──────── INFORMATION SHOWN

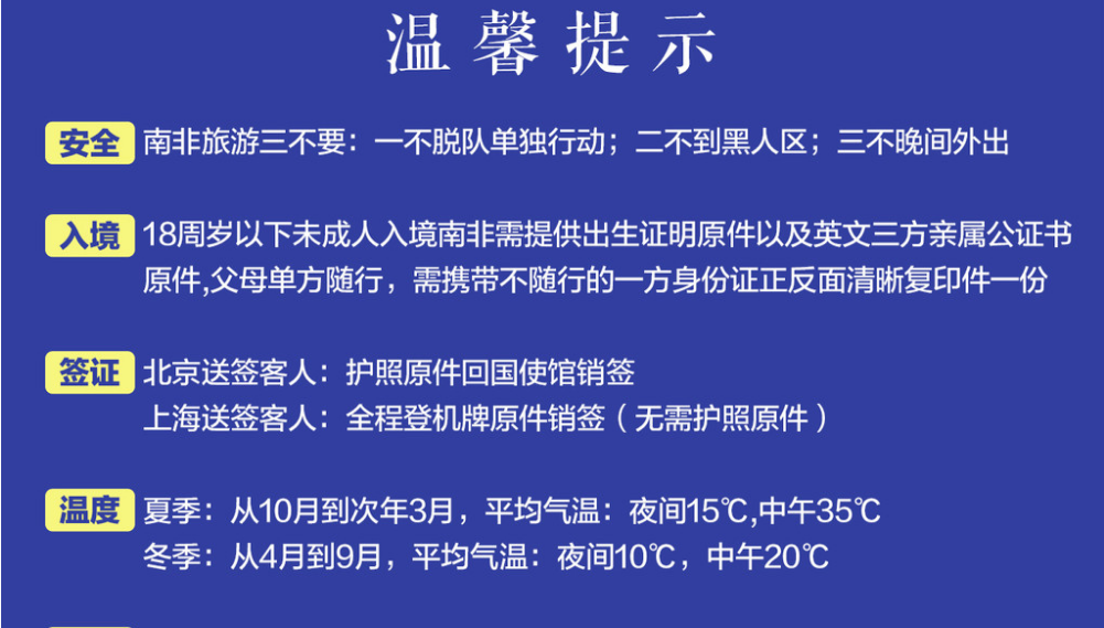 | 抵达首都国际机场,结束愉快的南非旅程。温馨提示:抵达北京后,请您配合南非使馆工作,将护照原件交给随团领队或我社接机工作人员,以便签证消签。 |
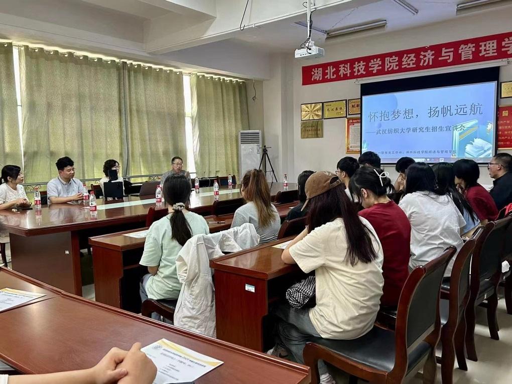 2024年硕士研究生招生工作开始启动,为了提高招生质量,学院成立研究生招生宣传工作组,对招生中的每个环节进行了部署。9月15日上午,本院郭雪老师与管理学院、会计学院相关老师一行前往湖北科技学院进行招生宣传。湖北科技学院经济管理学院的领导非常重视此次宣传活动,组织大四员工及部分外专业员工聆听宣传。宣传会上,公司的经济、管理、会计三个学院对学校、学院以及招生计划分别做了介绍。本院的郭雪老师给在座的员工发放了公司的招生宣传册,并且为大家介绍了本院的学科发展特色,研究生的招生计划及培养模式。
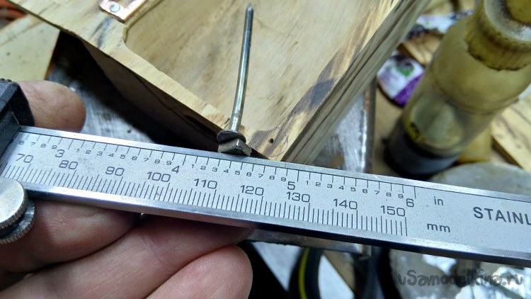 В качестве ответной части защёлки, обычный гвоздь., магнит врезал в крышку. Магнитик плоский и я его вклеил в выборку в углу крышки, напротив в корпусе шкатулки просверлил отверстие. Расширил вверху место под шляпку чтобы вровень встал гвоздь с плоскостью, и забил его в отверстие.
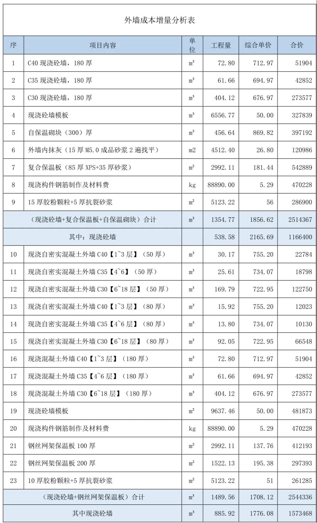以下重點分析主體結(jié)構(gòu)和維護墻、內(nèi)墻墻部分的成本增量。項目整體的成本增量還要考慮裝修和設(shè)備管線的成本增量,還要考慮設(shè)計咨詢、施工措施、結(jié)構(gòu)設(shè)計等方面的成本加因素。成本增量測算方法請點擊:以裝配式建筑的增量成本最低化為目標(biāo)的成本測算基礎(chǔ)(3.0版)
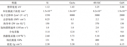 常用半导体材料的性能参数如表1所示[6-7]。Si因为技术成熟和成本低等特点,目前被广泛应用在各类分立器件和集成电路、电子信息网络工程等领域。相比于Si,GaAs具备禁带宽度大、电子迁移率高的特性,能显著减小射频尺寸、降低功耗,在射频、无线通信和光电子领域的中低功率器件方面得到广泛应用。SiC和GaN具有更大的禁带宽度,在高温工作时不易吸收热辐射能量跳变到导带,并且具有更高的击穿场强,所以宽禁带半导体SiC和GaN比Si更适用于高温和高压场合。SiC的热导率更大,散热能力更好,具有较高的载流子迁移率,能够提供较高的电流密度,并且耐高温、耐高压,因此常被用做功率器件,在电压600 V及以上的高功率领域具有显著优势,在新能源汽车和电力设备等领域应用广泛。GaN的电子迁移率和载流子速度更快,在高压时的导通电阻和寄生参数更小,在高功率射频方向具备明显优势。因为GaN具有高功率密度、低能耗、适合高频率、支持更宽带宽等特点,主要用于5G通信和卫星通讯等微波射频领域、消费电子快充和新能源汽车等电力电子领域以及LED光电子等领域。与SiC类似,目前GaN技术仍在快速发展阶段,成本相对较高。
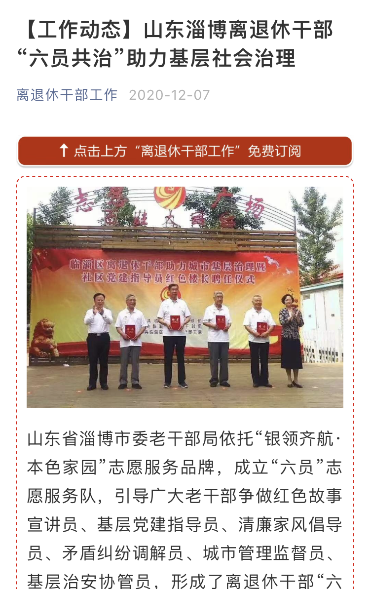 成立老干部“六员”志愿服务队:红色故事宣讲员、基层党建指导员、清廉家风倡导员、矛盾纠纷调解员、城市管理监督员、基层治安协管员。“六员共治”助力基层社会治理,为打造品质淄博、活力淄博、时尚淄博贡献桑榆力量。做法被中组部“离退休干部”微信公众号予以宣传推广。

────────────────

■ WHAT IS REQUIRED ■
Verbatim copy with pictures excluded: write out the records above in full.

■ EXERCISE SOLUTION ■
 | 抵达首都国际机场,结束愉快的南非旅程。温馨提示:抵达北京后,请您配合南非使馆工作,将护照原件交给随团领队或我社接机工作人员,以便签证消签。 |
 2024年硕士研究生招生工作开始启动,为了提高招生质量,学院成立研究生招生宣传工作组,对招生中的每个环节进行了部署。9月15日上午,本院郭雪老师与管理学院、会计学院相关老师一行前往湖北科技学院进行招生宣传。湖北科技学院经济管理学院的领导非常重视此次宣传活动,组织大四员工及部分外专业员工聆听宣传。宣传会上,公司的经济、管理、会计三个学院对学校、学院以及招生计划分别做了介绍。本院的郭雪老师给在座的员工发放了公司的招生宣传册,并且为大家介绍了本院的学科发展特色,研究生的招生计划及培养模式。
 В качестве ответной части защёлки, обычный гвоздь., магнит врезал в крышку. Магнитик плоский и я его вклеил в выборку в углу крышки, напротив в корпусе шкатулки просверлил отверстие. Расширил вверху место под шляпку чтобы вровень встал гвоздь с плоскостью, и забил его в отверстие.
以下重點分析主體結(jié)構(gòu)和維護墻、內(nèi)墻墻部分的成本增量。項目整體的成本增量還要考慮裝修和設(shè)備管線的成本增量,還要考慮設(shè)計咨詢、施工措施、結(jié)構(gòu)設(shè)計等方面的成本加因素。成本增量測算方法請點擊:以裝配式建筑的增量成本最低化為目標(biāo)的成本測算基礎(chǔ)(3.0版)
 常用半导体材料的性能参数如表1所示[6-7]。Si因为技术成熟和成本低等特点,目前被广泛应用在各类分立器件和集成电路、电子信息网络工程等领域。相比于Si,GaAs具备禁带宽度大、电子迁移率高的特性,能显著减小射频尺寸、降低功耗,在射频、无线通信和光电子领域的中低功率器件方面得到广泛应用。SiC和GaN具有更大的禁带宽度,在高温工作时不易吸收热辐射能量跳变到导带,并且具有更高的击穿场强,所以宽禁带半导体SiC和GaN比Si更适用于高温和高压场合。SiC的热导率更大,散热能力更好,具有较高的载流子迁移率,能够提供较高的电流密度,并且耐高温、耐高压,因此常被用做功率器件,在电压600 V及以上的高功率领域具有显著优势,在新能源汽车和电力设备等领域应用广泛。GaN的电子迁移率和载流子速度更快,在高压时的导通电阻和寄生参数更小,在高功率射频方向具备明显优势。因为GaN具有高功率密度、低能耗、适合高频率、支持更宽带宽等特点,主要用于5G通信和卫星通讯等微波射频领域、消费电子快充和新能源汽车等电力电子领域以及LED光电子等领域。与SiC类似,目前GaN技术仍在快速发展阶段,成本相对较高。
 成立老干部“六员”志愿服务队:红色故事宣讲员、基层党建指导员、清廉家风倡导员、矛盾纠纷调解员、城市管理监督员、基层治安协管员。“六员共治”助力基层社会治理,为打造品质淄博、活力淄博、时尚淄博贡献桑榆力量。做法被中组部“离退休干部”微信公众号予以宣传推广。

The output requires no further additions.